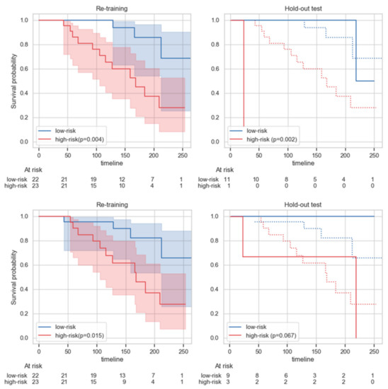 As for evaluating the clinical applicability of the proposed procedure, the stratification cut-off was set to be the median value of the model’s output in the re-training set, and it was applied to both re-training and test data. The estimated survival curves (i.e., Kaplan-Meier survival curves, Section 4.4.) were compared using log-rank tests, setting the significance at α = 0.05. To account for multiple testing, a Bonferroni correction (n = 6) was applied to each model, thus leading to a corrected α = 0.0083.
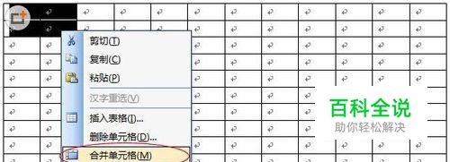 选中第一排前两个和第二排前两个单元格,单击右键选择“合并单元格”,如图所示:
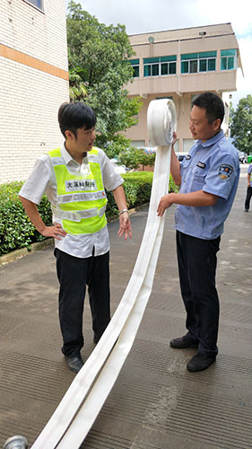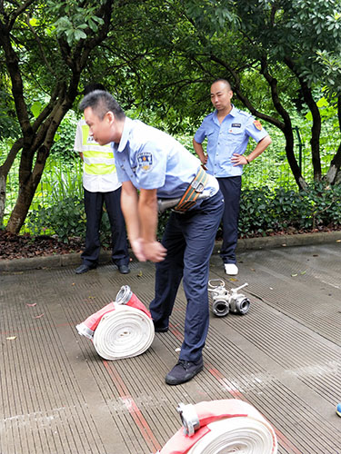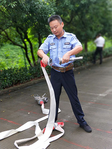 安保人員馮常敏擔任此次主講,授課內容為兩盤水帶的鋪設和連接、連貫動作練習。他首先進行講解示范,并分解每一個動作要領。慢慢地教新人如何操作。
________________________
- [Exercise directions]: Make an exact copy of the data, leaving its pictures out.

- [Answer box]:
 As for evaluating the clinical applicability of the proposed procedure, the stratification cut-off was set to be the median value of the model’s output in the re-training set, and it was applied to both re-training and test data. The estimated survival curves (i.e., Kaplan-Meier survival curves, Section 4.4.) were compared using log-rank tests, setting the significance at α = 0.05. To account for multiple testing, a Bonferroni correction (n = 6) was applied to each model, thus leading to a corrected α = 0.0083.
 选中第一排前两个和第二排前两个单元格,单击右键选择“合并单元格”,如图所示:
 安保人員馮常敏擔任此次主講,授課內容為兩盤水帶的鋪設和連接、連貫動作練習。他首先進行講解示范,并分解每一個動作要領。慢慢地教新人如何操作。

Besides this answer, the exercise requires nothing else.